If you only make one change, make it this one. The unload event is the clearest, most common bfcache blocker. Use pagehide for teardown work and pageshow for resume work instead.

Treat a restore differently from a fresh load

Use pageshow and check event.persisted:

JavaScript
window.addEventListener('pageshow', (event) => {
  if (event.persisted) {
    syncSessionExpiryBanner()
    refreshCsrfTokenIfNeeded()
  }
})

Do not blindly hard-reload on every restore. Refresh only the state that can become stale, such as auth warnings, inbox counts, or short-lived tokens.

Keep beforeunload conditional

If you need a navigation warning for unsaved work, add beforeunload only while the page is dirty and remove it immediately once the user saves:

JavaScript
function toggleUnsavedChangesProtection(isDirty) {
  if (isDirty) {
    window.addEventListener('beforeunload', handleBeforeUnload)
  } else {
    window.removeEventListener('beforeunload', handleBeforeUnload)
  }
}

Persistent beforeunload usage makes restores less reliable and is usually a sign that the page is not tracking dirty state precisely enough.

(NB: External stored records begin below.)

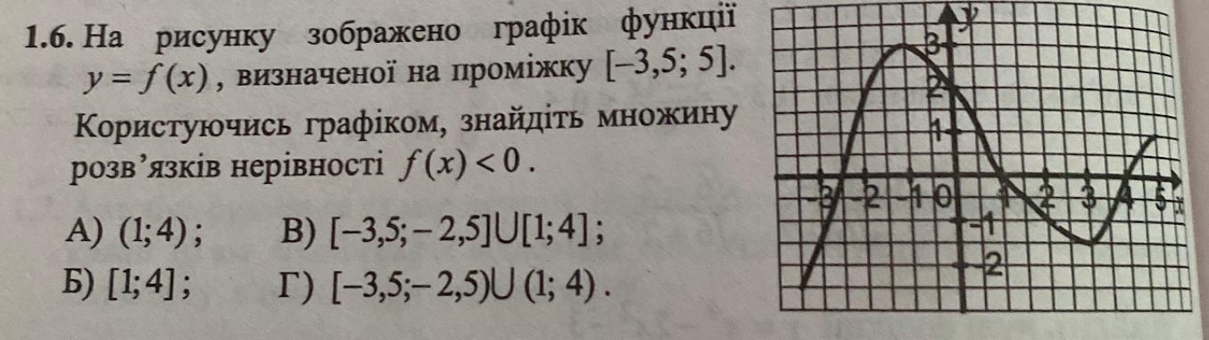 Користуючись рисунком, знайдіть множину розвязків нерівности f(x)<0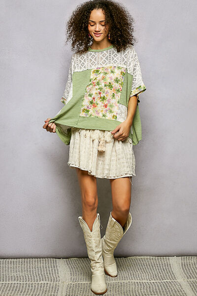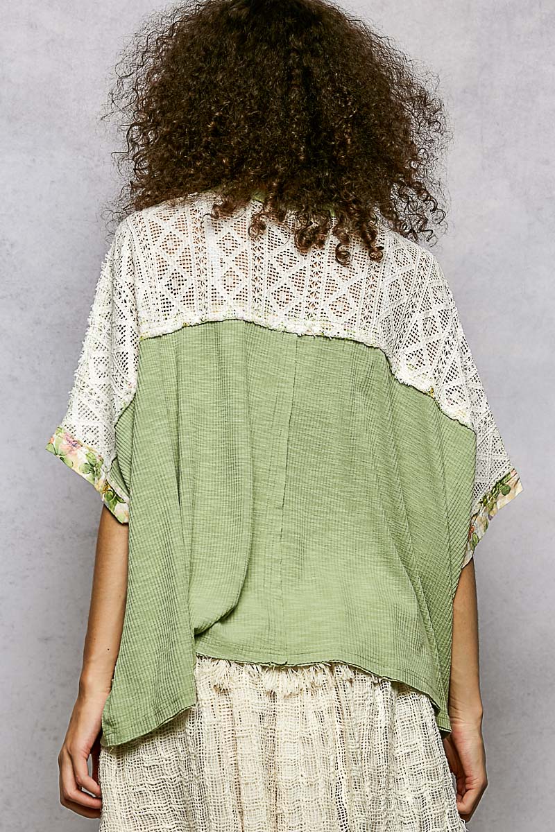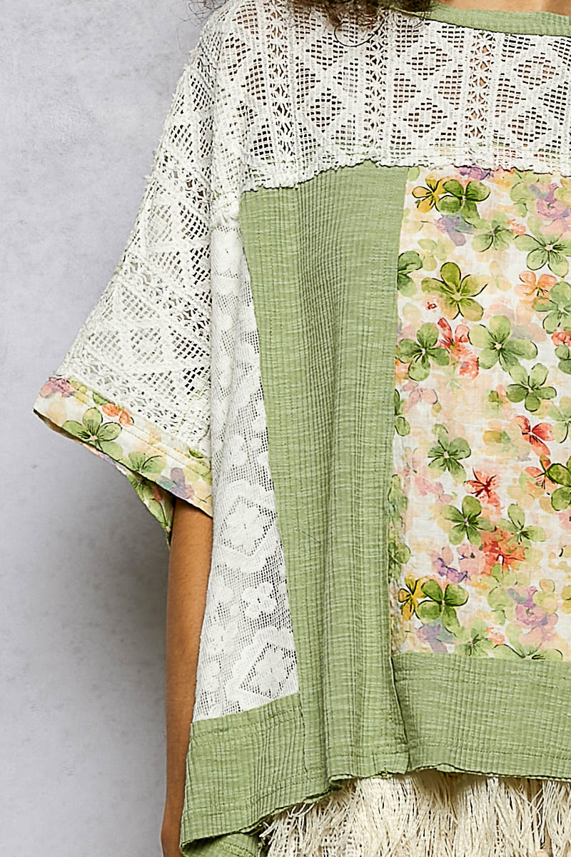 Floral Patchwork Lace Accent Blouse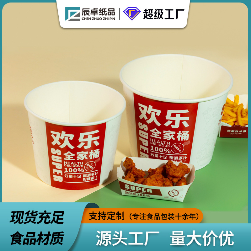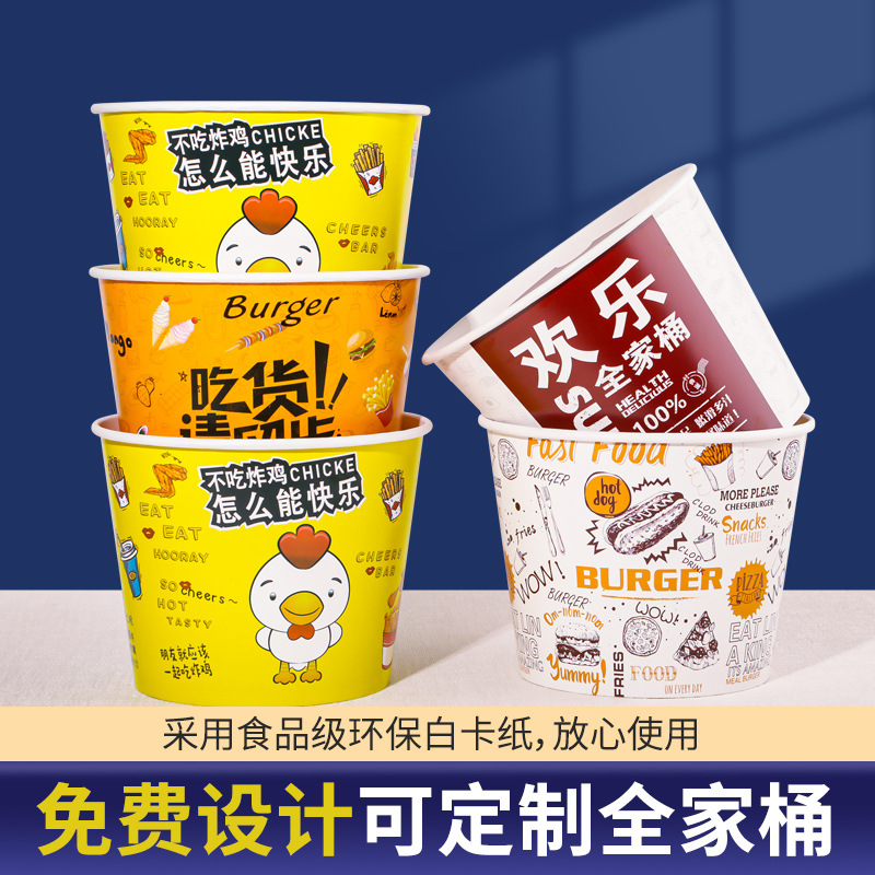 使い捨てフライドチキン缶包装箱カスタム防油スポット全家桶軽食紙桶蓋付きポップコーン缶卸売り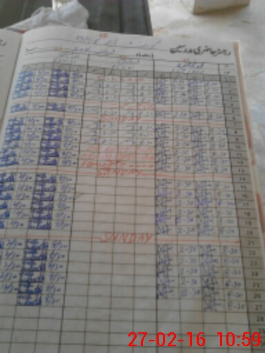 | CNIC | Full Name | Designation | R/C | Absence During Last Calender Month |
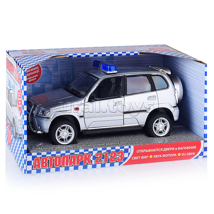 Код: 032746 Страна производитель: Китай Размеры упаковки: 22 x 12 x 11 см Количество в коробке: 18 Машина «Автопарк 2123» нива серебристая - отличный подарок для юного поклонника автомобилей! • Фрикционный механизм (заводится вручную, при разгоне колес вперед). • Открываются двери и багажник. • Свет фар. • Мелодия и звуковые эффекты. • Работает от 3-х батареек 1,5V типа «AG13». • Размеры: 18 х 8,5 х 8,5 см. • Состоит из пластмассы. • Соответствует стандартам качества и требованиям безопасности продукции. • Для детей от 3-х лет. Комментарии к товару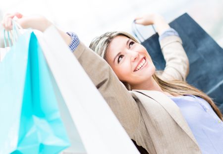 Excited shopping woman with arms up holding bags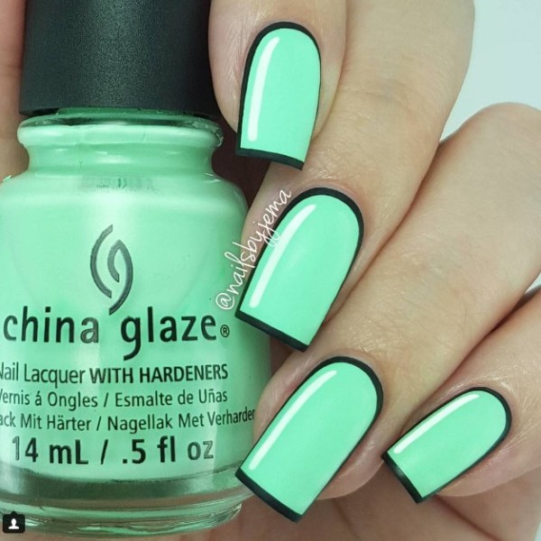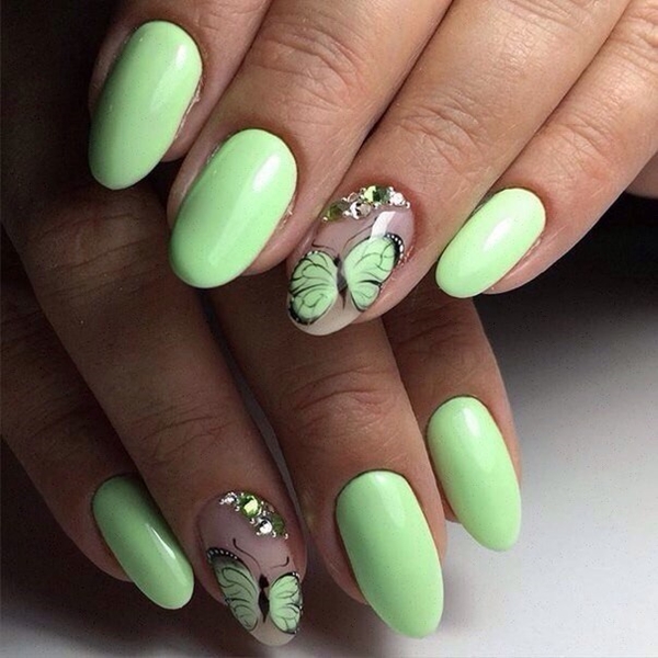 - If the outfit has a complex green tint, with elements of yellow, then the nails should show off a bright and rich lacquer. It can be lime or fresh grass, lime or pistachio. You can take a bold step and apply neon green lacquer to the plates, which will make the image more youthful. Also to this unusual along well fit mint coating.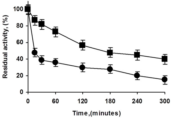 There are reports on the effect of enzyme loading and immobilization rate on the final immobilized enzyme stability [39,40]. To study if the use of overloaded PFL biocatalysts could have some effects on enzyme stability, both preparations were inactivated (Figure 3). The overloaded biocatalysts presented higher stability than the low loaded preparation, although part of this effect may be explained by an artifact caused by the diffusional limitations (the specific activity of the overloaded enzyme was 68% of that of the lowly loaded preparation), it looks that the stability of the overcrowded preparation was slightly higher under the inactivation conditions. That is, the use of overcrowded PFL preparations had even advantages in terms of enzyme stability.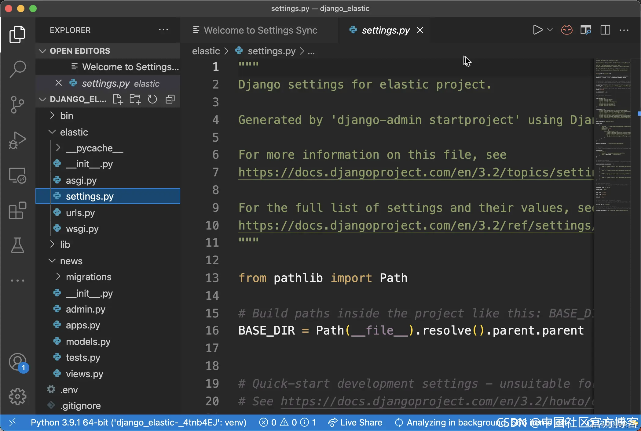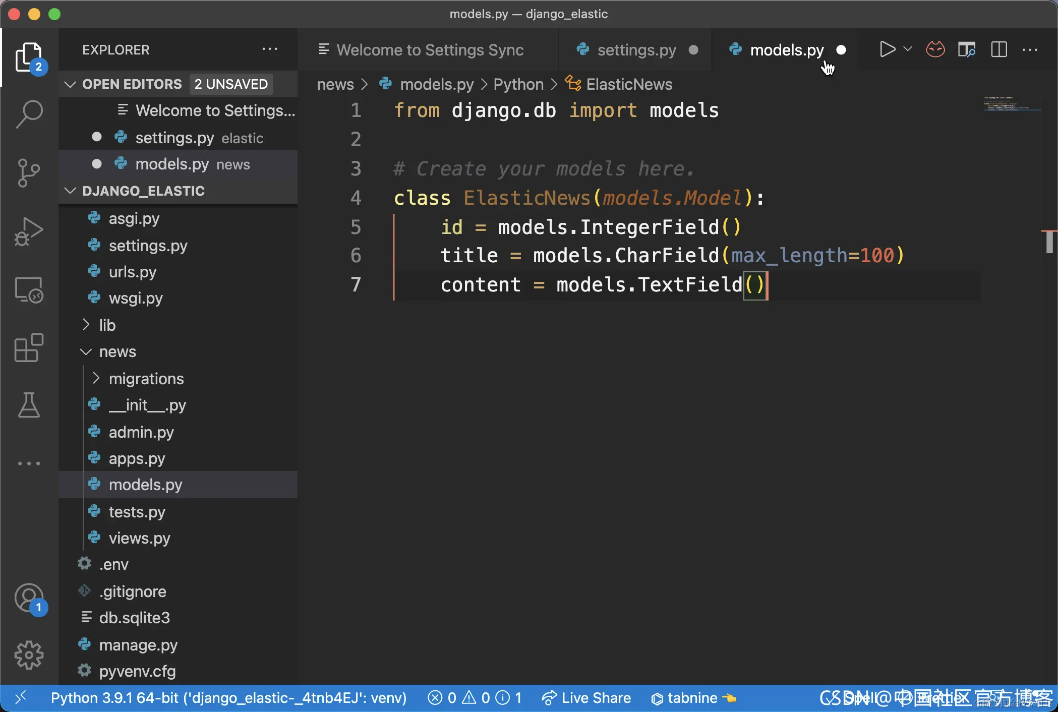 在这节中,我将展示如何在 Django 中使用 Elasticsearch。我们接着上面已经创建的 django 项目继续修改。

Avoid long-lived work that survives badly across restores

Pages restored from memory resume pending work. Keep page-level lifecycle code resilient:

  • close transient UI such as drawers, popovers, and stale toasts on restore when appropriate
  • revalidate short-lived data instead of assuming the in-memory copy is still current
  • avoid leaving important cleanup tied only to hard unload behavior

Thresholds

  • Pass if the route has no unconditional unload listeners and a back navigation restores from memory in the target browser.
  • Pass if time-sensitive state refreshes after pageshow.persisted === true without forcing a full reload.
  • Fail if history navigation always rebuilds the page because lifecycle code blocks bfcache eligibility.

Support Notes

  • bfcache behavior is browser-specific, so validate the real target browser matrix instead of assuming one engine's behavior applies everywhere.
  • Use the browser's back/forward cache diagnostics as the source of truth for eligibility and blockers on a given route.

Exceptions

  • Some routes genuinely need a conditional beforeunload warning while unsaved data exists, but it should not remain attached once the page is clean.
  • If a page handles sensitive or rapidly changing data, it may need targeted revalidation on restore. That still does not justify forcing every restore into a full reload.
  • Third-party libraries can attach lifecycle listeners on your behalf, so verify the effective runtime behavior in the browser instead of assuming your source files tell the whole story.

Verification

Automated Checks

  • Search the codebase and built output for addEventListener('unload' or equivalent unload hooks.
  • Run Lighthouse or equivalent diagnostics and confirm there are no unload-listener warnings on the route.

Manual Checks

  • Open the page in a browser, navigate to a second page, then use the back button.
  • Pass if the page restores immediately and your pageshow handler reports event.persisted === true.
  • Open DevTools and inspect the route with the browser's back/forward cache tooling to confirm the page is eligible and to see any blockers.